The time has arrived for the SEC to streamline its membership. It's unworkable to have a dozen teams competing for conference honors.

So, the league should become a compact, sportier model by reducing its members from 12 to nine.


This past football season, nine SEC teams traveled to bowls. Thus, it is easy to determine which nine members stay in the conference. We also can discern that Ole Miss, Mississippi State and Vanderbilt should start shopping for new conference destinations.


The Rebels, Bulldogs and Commodores drain the league of valuable dollars and prevent the SEC from crowning a true champion. If Ole Miss, MSU and Vandy were not siphoning funds from the strongest members of the SEC, LSU would not be forced to burden the nation's most loyal fans with escalating ticket prices.


The lucrative television and bowl revenues delivered to the least of the SEC brethren should be split among the nine strongest programs. This is a case of Darwinian survival of the fittest. Goodbye, Johnny Rebs; So long, State; See you, Vandy.


Some Ole Miss fans might question why Kentucky stays and the Rebs go in the new and improved SEC. The reason is simple. It's called basketball. Kentucky is still king of the college hoop scene and helps the league immensely in this department.


Here's how the new SEC will work: There will be one division for football and basketball with all nine members. Each league representative plays eight football games against conference foes, four at home and four away. At the end of the regular season, the top two teams meet in Atlanta in the SEC Championship Game. If necessary, tie-breakers will be employed as they are in the current divisional structure.


In LSU's case, the Tigers will play four additional non-conference games at home.


Likely, Ole Miss should appear on the schedule in Baton Rouge every year as a non-conference opponent. This is the way it was when Johnny Vaught was coaching Mississippi and chose to bring his team to Tiger Stadium almost every Halloween weekend.

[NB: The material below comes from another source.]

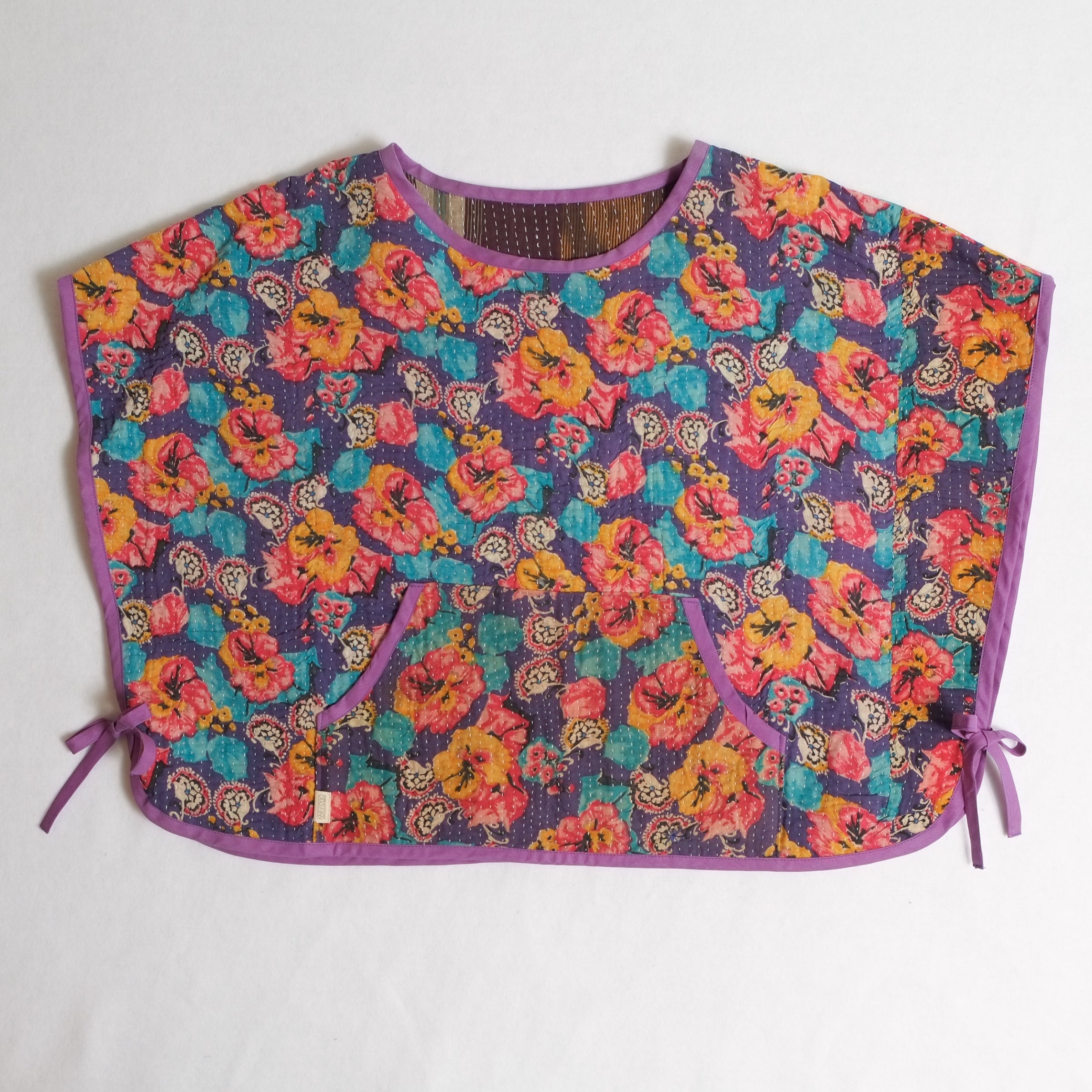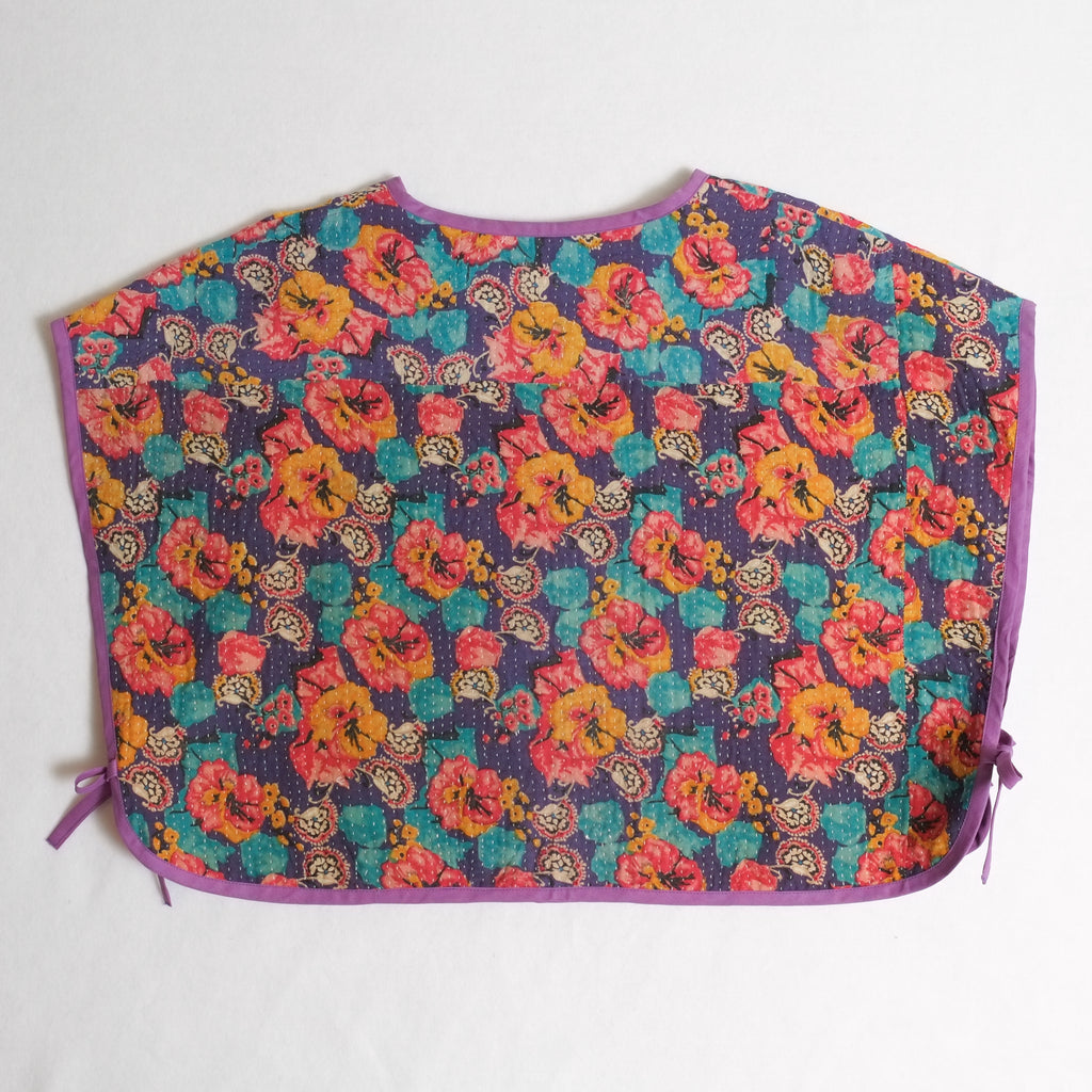 Mary Smock L008 Red and Yellow Flowers on Purple – Reversible Kantha Poncho, Handmade Sustainable Clothing

Ole Miss followers may be ecstatic about trekking to Death Valley each year. From 1947-1966, this great rivalry was played 17 of 21 times in Louisiana. During that span, the Rebels owned a 13-6-2 advantage over LSU.


John Kennedy was president, the conference featured all-white teams and Sen. Trent Lott was a cheerleader when Ole Miss last dominated the league. The Rebels haven't reached the SEC pinnacle since 1963; Mississippi State hasn't captured league honors since 1941, and Vanderbilt has never reigned as the SEC's gridiron champ. By contrast, Tulane won the conference three times in football before defecting in 1966.


In basketball, the new format allows each SEC team to play every other team home and away in a 16-game league slate. Once again, a true regular season champion is recognized, and SEC post-season competition is unaffected. LSU fans will have the pleasure of booing Kentucky every year at the PMAC under this configuration.


This proposal was first recommended in this space in 1985. At that time, the now late, great former Ole Miss broadcaster Stan Torgerson was ticked off at this column and reacted with a vengeance. Torgerson was a worthy adversary, and I wouldn't be suggesting this if he were still alive.


Twenty-two years have gone since Stan the Man questioned the sanity of anyone recommending an SEC exit strategy for his beloved Ole Miss. Now, Mississippi fans should be enthused about competing in Conference USA where the Rebels will thrive.


Since 2000, LSU's footballers are 6-1 vs. Ole Miss; 7-0 vs. Mississippi State and 2-0 vs. Vanderbilt. Even though the Tigers salivate at the prospect of feasting on the league cupcakes, divorce is required in Oxford, Starkville and Nashville, so the SEC breadwinners will receive full access to community property. 


Under the realigned SEC, LSU will never again fail to compete against the best the league has to offer. The plethora of schools in the conference deprived the Tigers of the right to face Bo Jackson at Auburn, Herschel Walker at Georgia and Peyton Manning at Tennessee. Two Heisman Trophy winners and a runner-up were never contested by LSU defenders.


College sports are big businesses, not charities. LSU fans are contributing to the coffers of three programs that receive more than they produce. Vanderbilt may raise the overall grade point average of the league, but fans want their teams to play in BCS bowls, not quiz bowls.


This idea has so much merit that Houston Nutt and Steve Spurrier get the message to start collecting SEC hardware for trophy rooms at Arkansas and South Carolina. Otherwise, we may be looking at a seven team conference sometime soon.  But that's a column for another day.